#### WHAT TO WORK ON:
The answer should hold every line of the listing, unchanged and free of images.

#### DATA BLOCK:
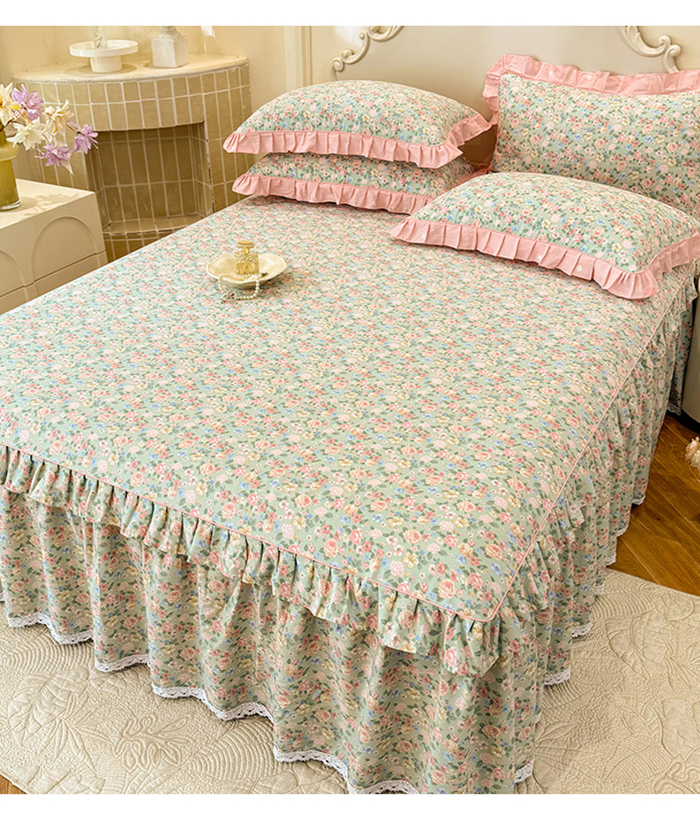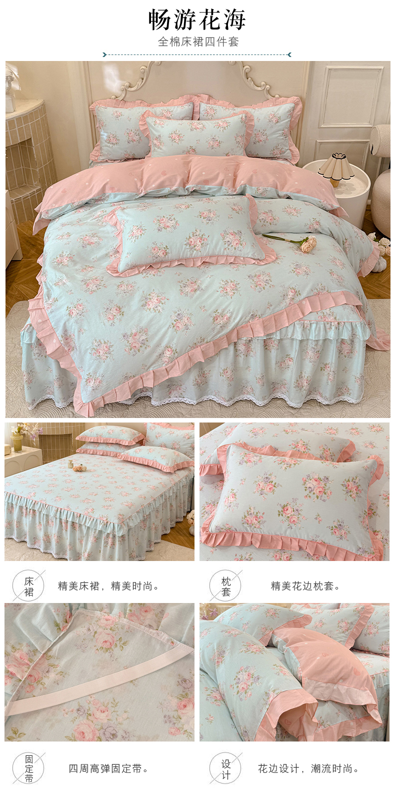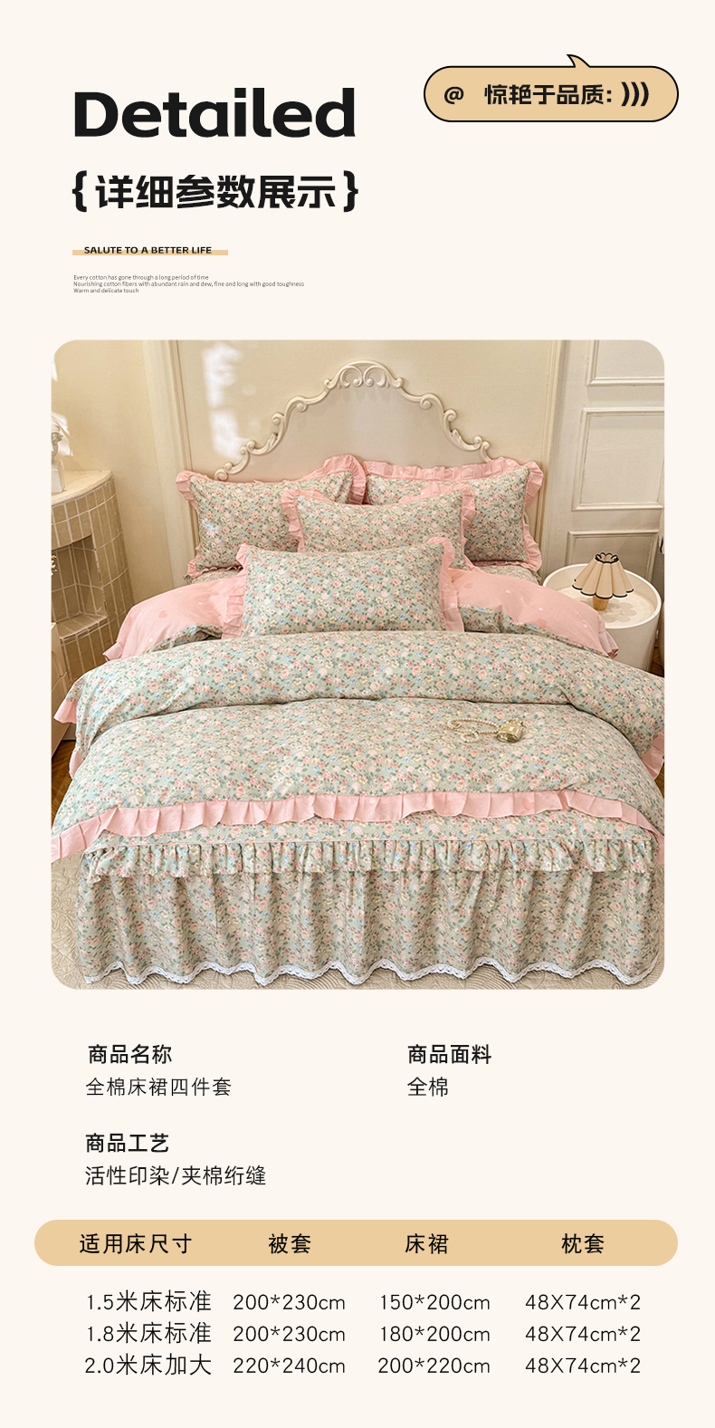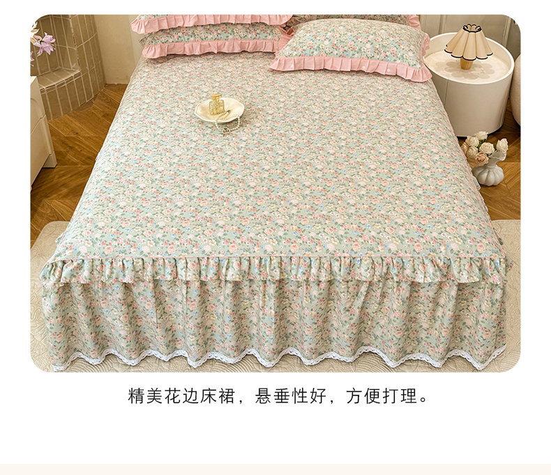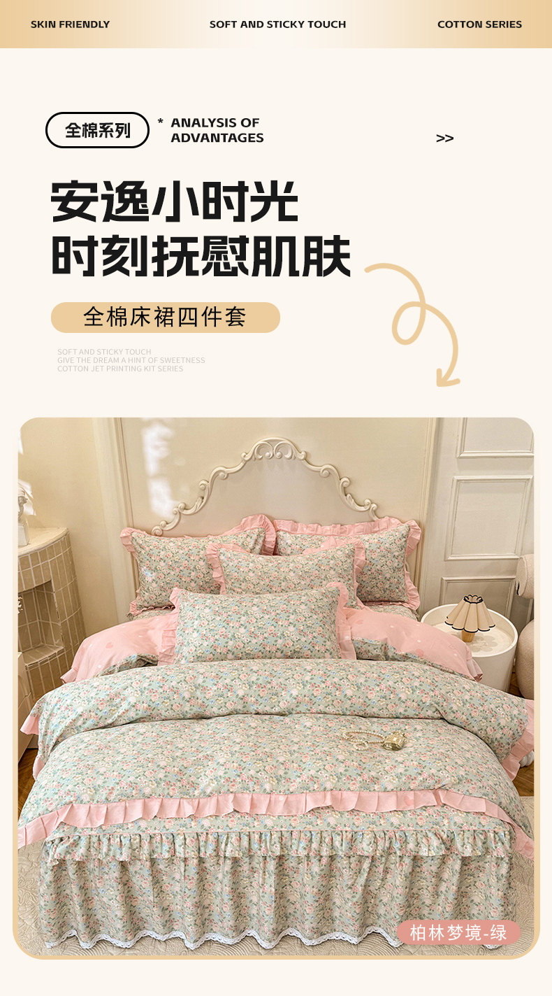 当前位置: 91家纺网 > 商品网购 > 床品套件 > 四件套 > 全棉普通四件套 > 美达家纺 2025新款韩版全棉床裙款床单款四件套 柏林梦境-绿
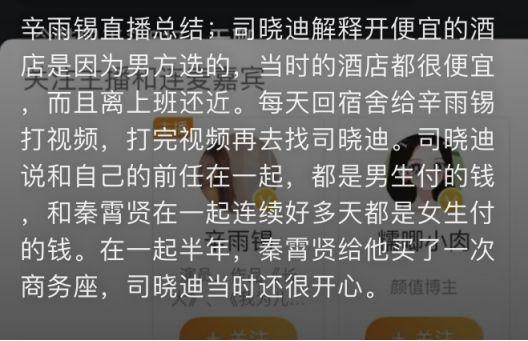 就连开房也是秦霄贤精挑细选,最后选了个 100 多的,让女方来出钱。
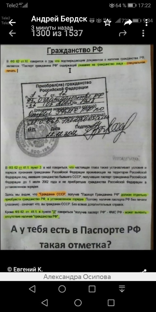 А вы что, не были гражданином СССР? Я, вот, был. А штампика гражданина РФ у меня нет. И более того, паспорт мне выдавала Миграционная служба как мигранту на территории РФ. И не мне одному. Это как, позвольте спросить?

#### SOLUTION TO THE PROBLEM:
 当前位置: 91家纺网 > 商品网购 > 床品套件 > 四件套 > 全棉普通四件套 > 美达家纺 2025新款韩版全棉床裙款床单款四件套 柏林梦境-绿
 就连开房也是秦霄贤精挑细选,最后选了个 100 多的,让女方来出钱。
 А вы что, не были гражданином СССР? Я, вот, был. А штампика гражданина РФ у меня нет. И более того, паспорт мне выдавала Миграционная служба как мигранту на территории РФ. И не мне одному. Это как, позвольте спросить?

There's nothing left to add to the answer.